Abstract: The stories of bias in AI are everywhere: Amazon's recruiting tool, Apple's credit card limits, Google's facial recognition, and dozens more. The quick solution is just to blame the algorithm and its designers. However, as data scientists, its incumbent on us to understand the true source of the bias and improve the underlying process.
AI does not create bias alone; it exposes the latent bias present in the system it was designed to imitate. We need to reframe the conversation around bias in AI to instead identify it as the first step in building a more ethical system.
In this talk, we show how machine learning can make the implicit bias of a human institution explicit. Bias becomes diagnosable, correctable, and ultimately preventable in a way that cannot be replicated in human decision-making, which is opaque and difficult to change. Bias is not new, but AI represents a new toolset to measure and change it.
The goal is not only to provide you a theoretical understanding of bias, but a practical plan that you can start to implement right away. After all, it’s not whether or not you have bias in your institution, but how you plan to handle it.

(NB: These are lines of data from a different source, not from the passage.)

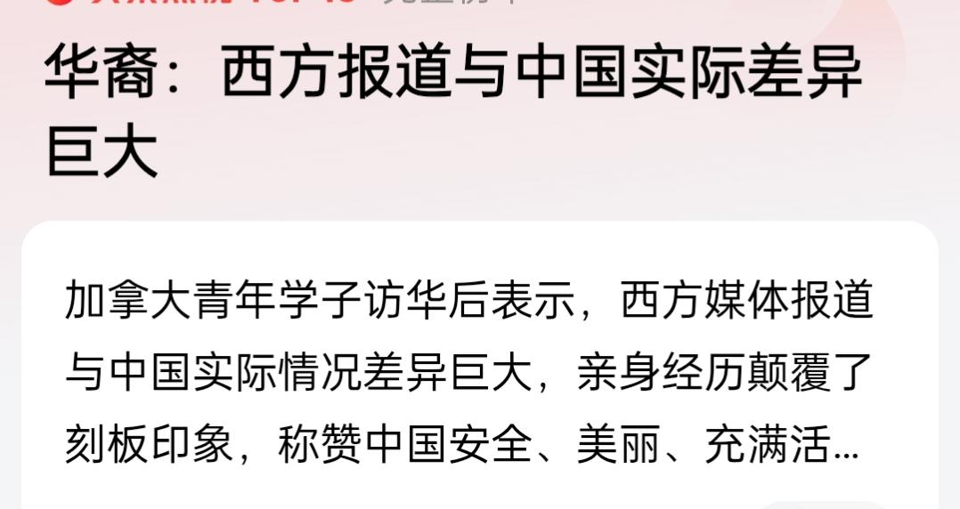 西方媒体彻底塌方了!西方媒体妖魔化报道中国由来已久,信息不透明让它们占尽先机,但现在的互联网高度发达,交通足够发达,西方来中国访问的人员反倒成了它们的倔墓人,这些来访人员的亲身经历和所见所闻更有说服力,真实的中国让来访人员惊掉下巴。 看来中国的文化工作者大有可为,宣传力度远远不够,应加强对外宣传力度,彻底戳破西方媒体的谎言!
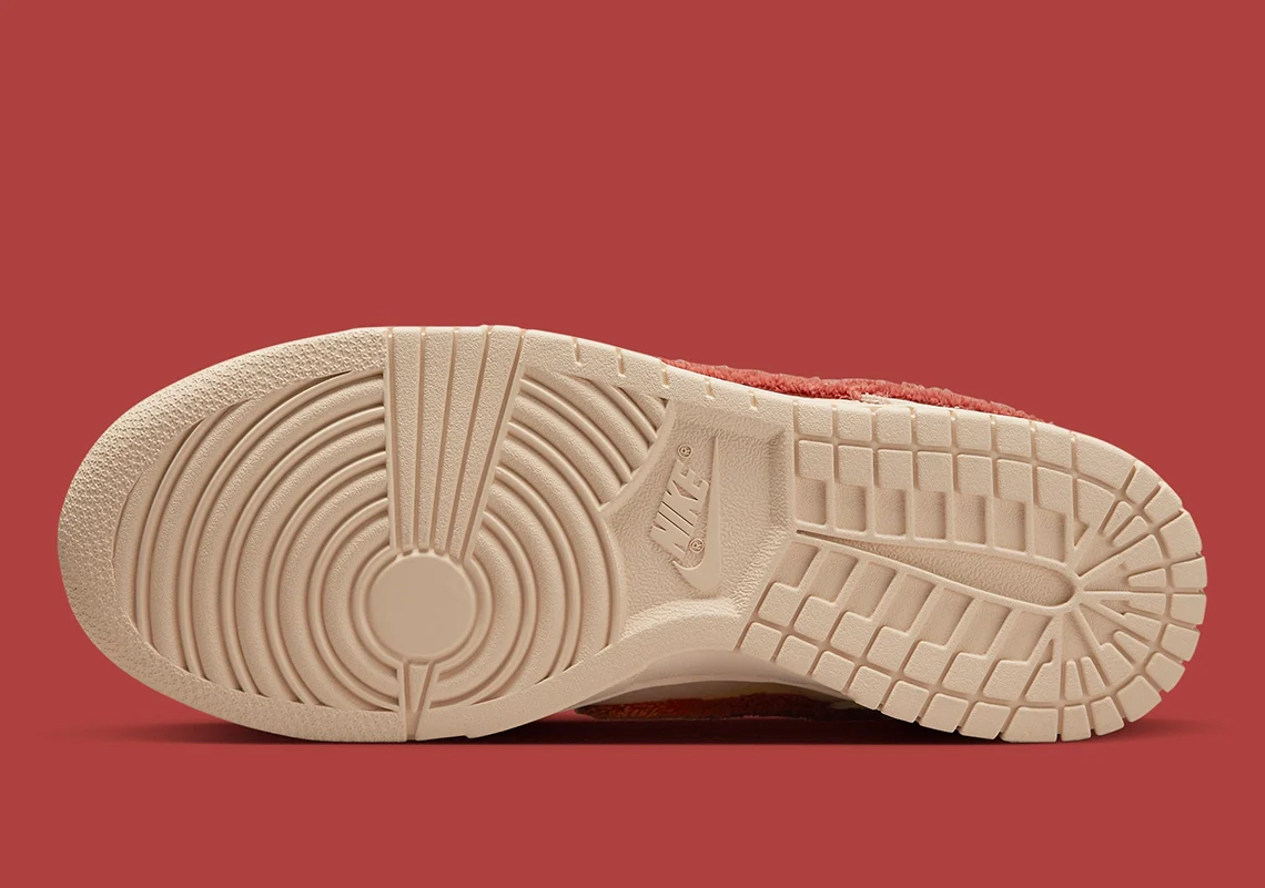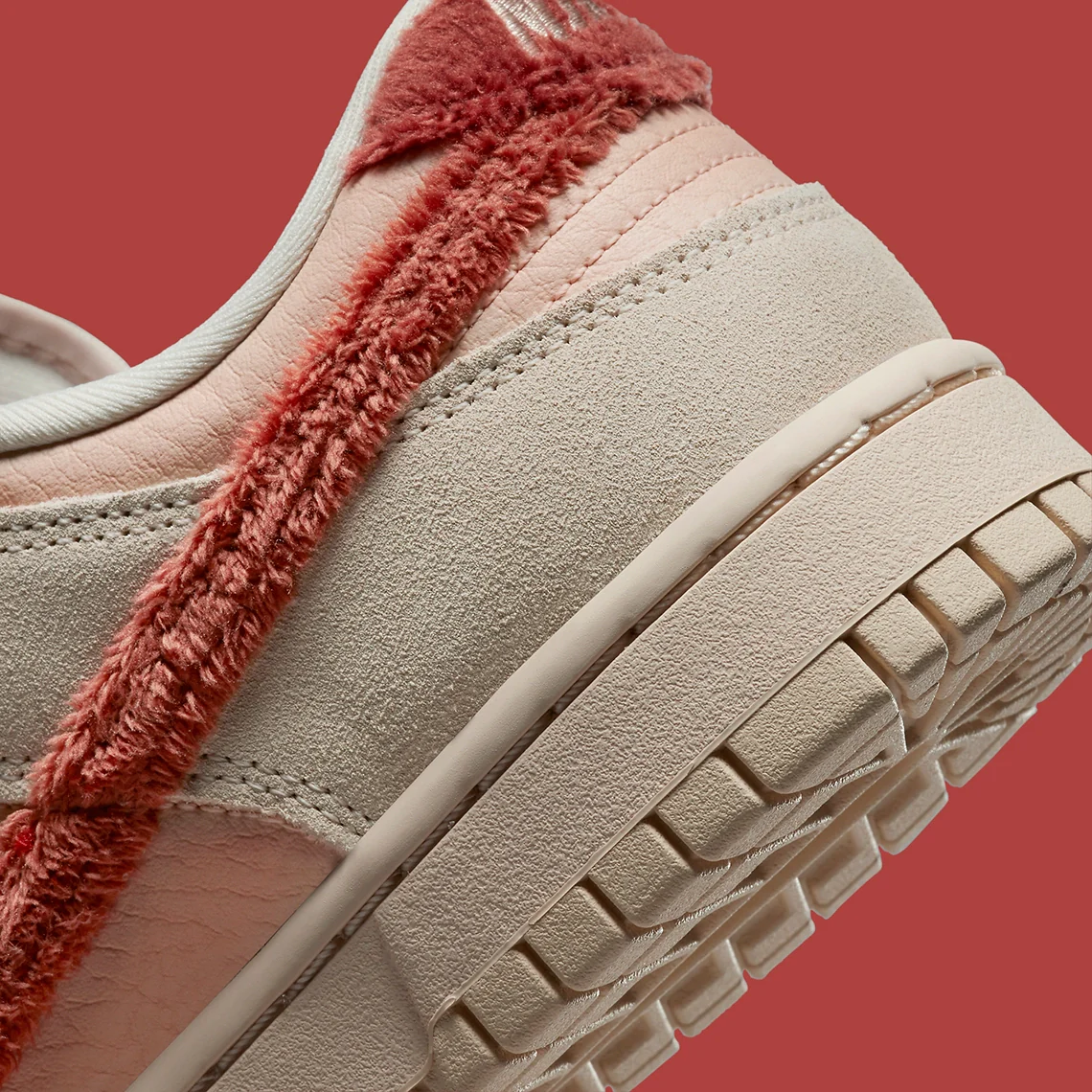 Ayant été produite dans un large éventail de couleurs et de matériaux, la Nike Dunk Low est certainement bien habituée à s’écarter de la norme. Et pour sa dernière offre (familièrement intitulée « Terry Swoosh« ) la silhouette continue d’embrasser le non conventionnel, en s’habillant d’un look beaucoup plus flou que votre GR moyenne. Comme son surnom le suggère, ces Dunk Lows font un usage audacieux du tissu éponge, l’appliquant à la fois au Swoosh et à la languette du talon. Dans sa finition rouge brûlé, la matière pelucheuse complète la construction adjacente – principalement, les roses clairs qui effleurent la base en cuir grainé. Ailleurs, le reste de la chaussure est équilibré avec un beige neutre, qui habille les superpositions en daim, la languette tissée, la semelle intermédiaire, et ainsi de suite.
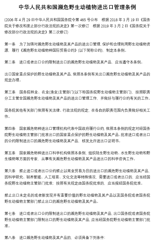 中華人民共和國瀕危野生動植物進(jìn)出口管理?xiàng)l例
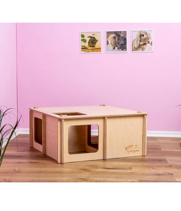Besitzen Sie Tiere wie Kanichen, Hamster oder Meerschweinchen und sind auf der Suche nach einem Häuschen, in dem sich die Kleinen verstecken, immer neue Wege erkunden oder sich auch mal zum Schlummern zurückziehen können? Dann ist das Nagerspielzeug Labyrinth aus dem Hause bunny® NATURE by puppijames hierfür ideal geeignet. Der interaktive Irrgarten bietet Ihren Kleintieren durch das flexible Stecksystem der Innenwände immer neue Labyrinthwege, durch die sie laufen können, und dadurch unzählige Möglichkeiten zum Erkunden. Da Sie das Beschäftigungsspielzeug durch weitere Labyrinthe individuell erweitern können, sind Ihrer Fantasie in der Gestaltung dieses Abenteuerspielplatzes keine Grenzen gesetzt.
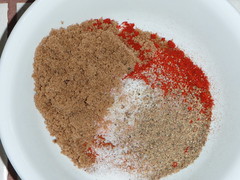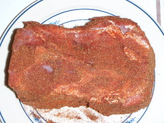 Coat with olive and mix rub together (Brown sugar, pepper, chili powder, salt, paprika, cayenne pepper, cumin). Rub the Pork all over and let sit for a couple of hours.
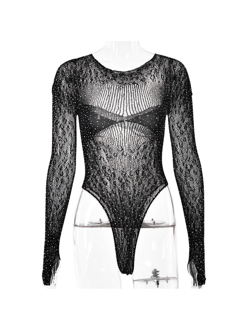 A sheer, rhinestone-embellished bodysuit top designed for nights out, layering, and standout glamour.
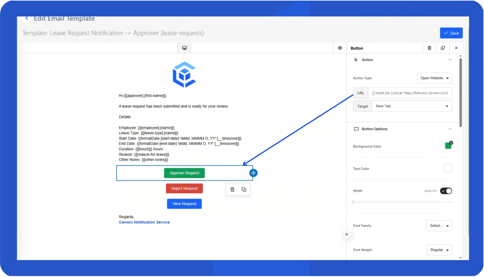 - Click Save to apply the changes to the email template.
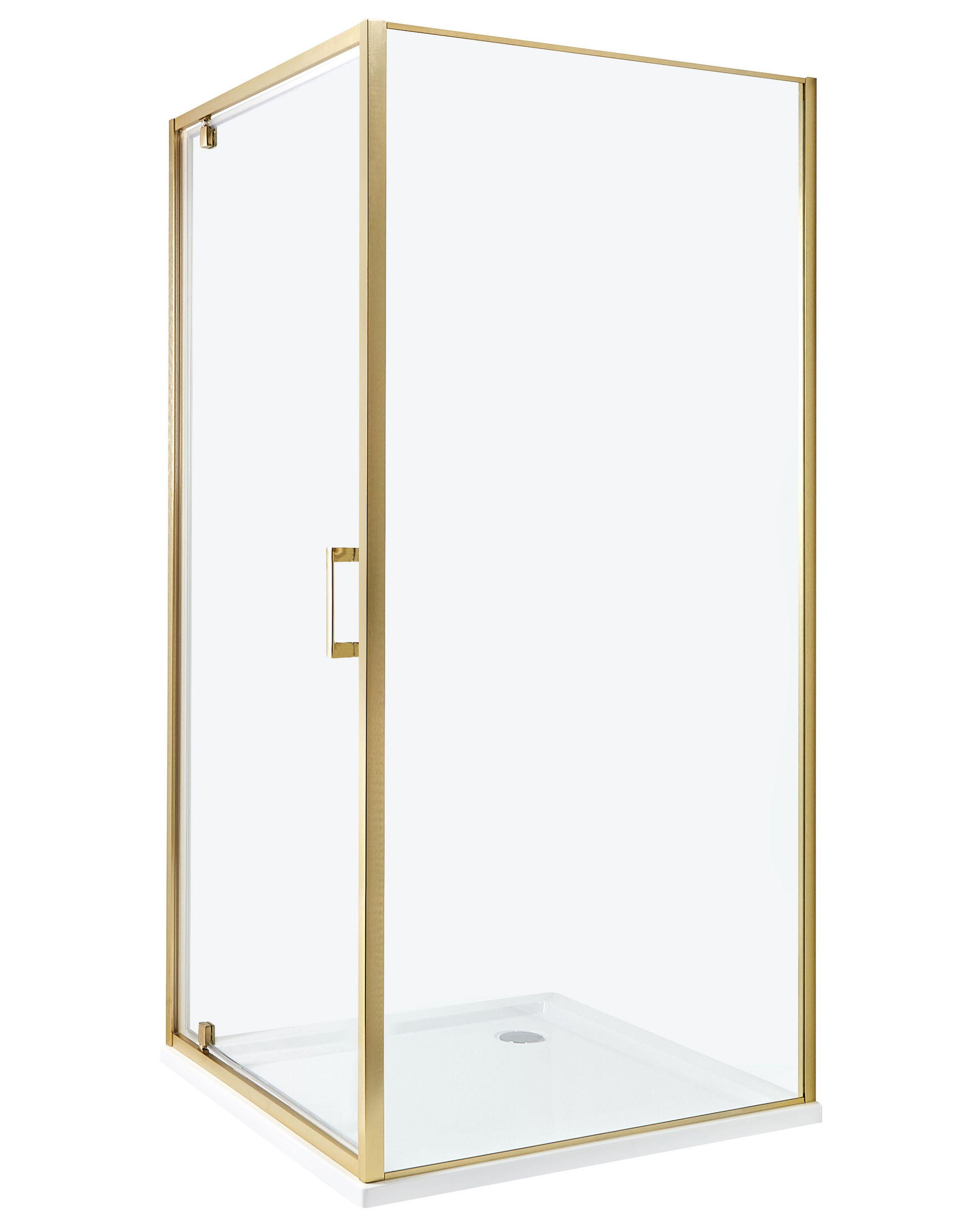 Box doccia quadrato con porta singola. Rinnova il tuo bagno aggiungendo un elemento che catturerà l'attenzione e offrirà anche una grande utilità. Questa cabina doccia in vetro temperato, resistente e facile da pulire, migliorerà l'esperienza del tuo bagno. La finitura dorata aggiunge un tocco di design moderno, mentre le porte scorrevoli permettono di mantenere l'ambiente asciutto, anche durante docce più lunghe. Un mix perfetto di stile e funzionalità per trasformare il tuo bagno in un'oasi contemporanea.
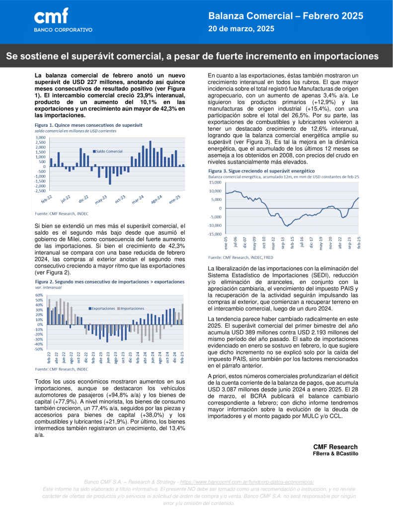 Se sostiene el superávit comercial, a pesar de fuerte incremento en importaciones March 20, 2025 View report
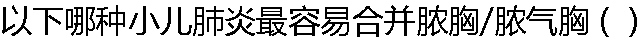 | A: 呼吸道合胞病毒肺炎 B: 腺病毒肺炎 C: 金黄色葡萄球菌肺炎 D: 支原体肺炎 |
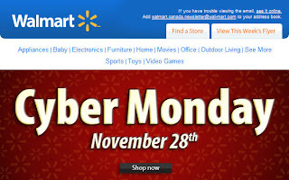 Walmart’s Cyber Monday sale has a bunch of great online exclusive items that is available for purchase on Walmart.ca only. This is a 1-day only online sale on Monday, November 28, 2011.
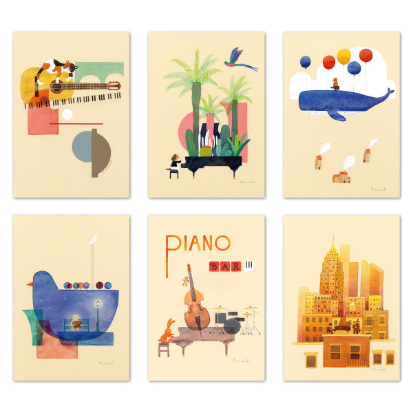 Set of 6 postcards 11 Kazuaki Yamada 105 x 150 mm Picture book author Animals Musical instrument pattern Illustrator Postcard
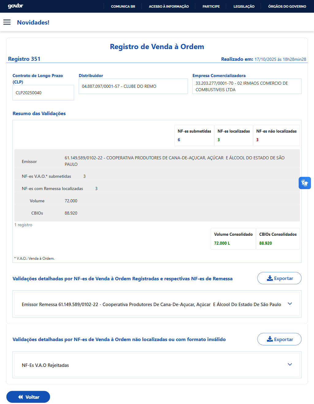 Nesse exemplo o registro foi "Processado com ressalvas", necessitando que o usuário valide as notas do registro de venda à ordem.
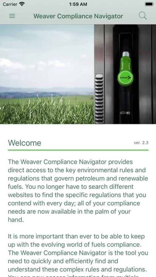 The Weaver Compliance Navigator provides direct access to the key environmental rules and regulations that govern petroleum and renewable fuels. You no longer have to search different websites to find the specific regulations that you contend with every day; all of your compliance needs are now available in the palm of your hand.
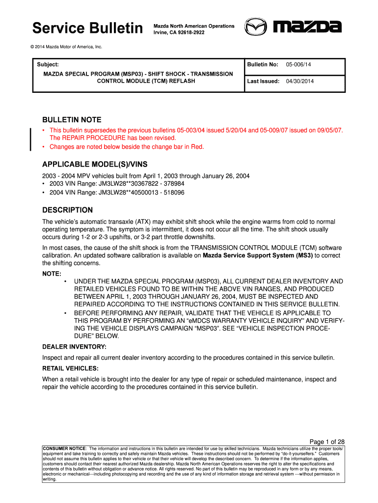 Service Bulletin Mazda North American Operations Irvine, CA 926182922 2014 Mazda Motor of America, Inc. Subject: MAZDA SPECIAL PROGRAM (MSP03) SHIFT SHOCK TRANSMISSION CONTROL MODULE (TCM) REFLASHBulletin
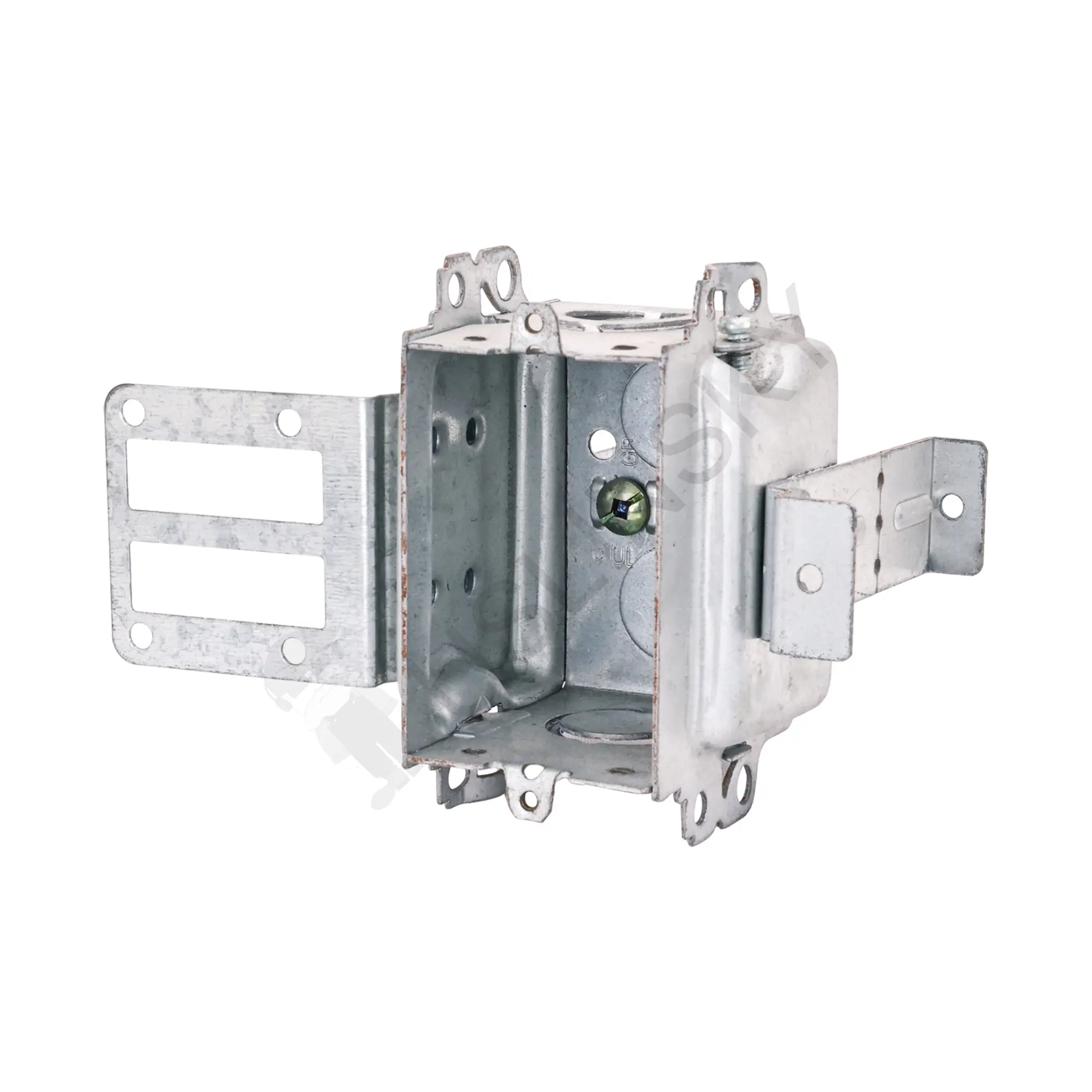 Gangable device box with concentric knockouts. “Wraparound” bracket for 2-1/2" and 3-5/8" steel studs. With integral support bracket.2-1/2" DeepMaterial: Galvanized Steel
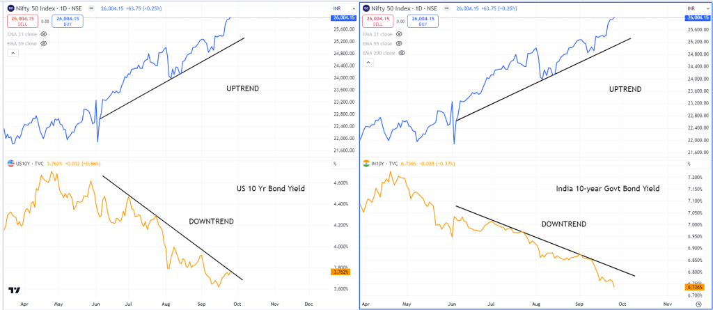 Figure 5.57 Daily chart of Nifty50, the US ten-year Bond Yield, and India ten-year Govt. Bond Yield
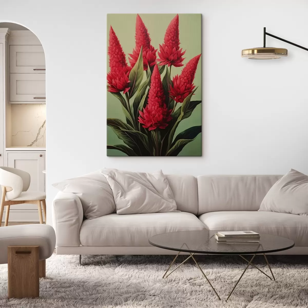 Schilderij Rode bloemen op groene achtergrond Art. s42166

Bio: Jett Oristaglio is the Data Science and Product Lead of Trusted AI at DataRobot. He has a background in Cognitive Science, with focuses in computer vision, neuro-ethics, and transcendent states of consciousness. His primary mission at DataRobot is to answer the questions: "What is everything you need in order to trust a decision-making system with your life? And what tools can we build to automated that process as comprehensively as possible?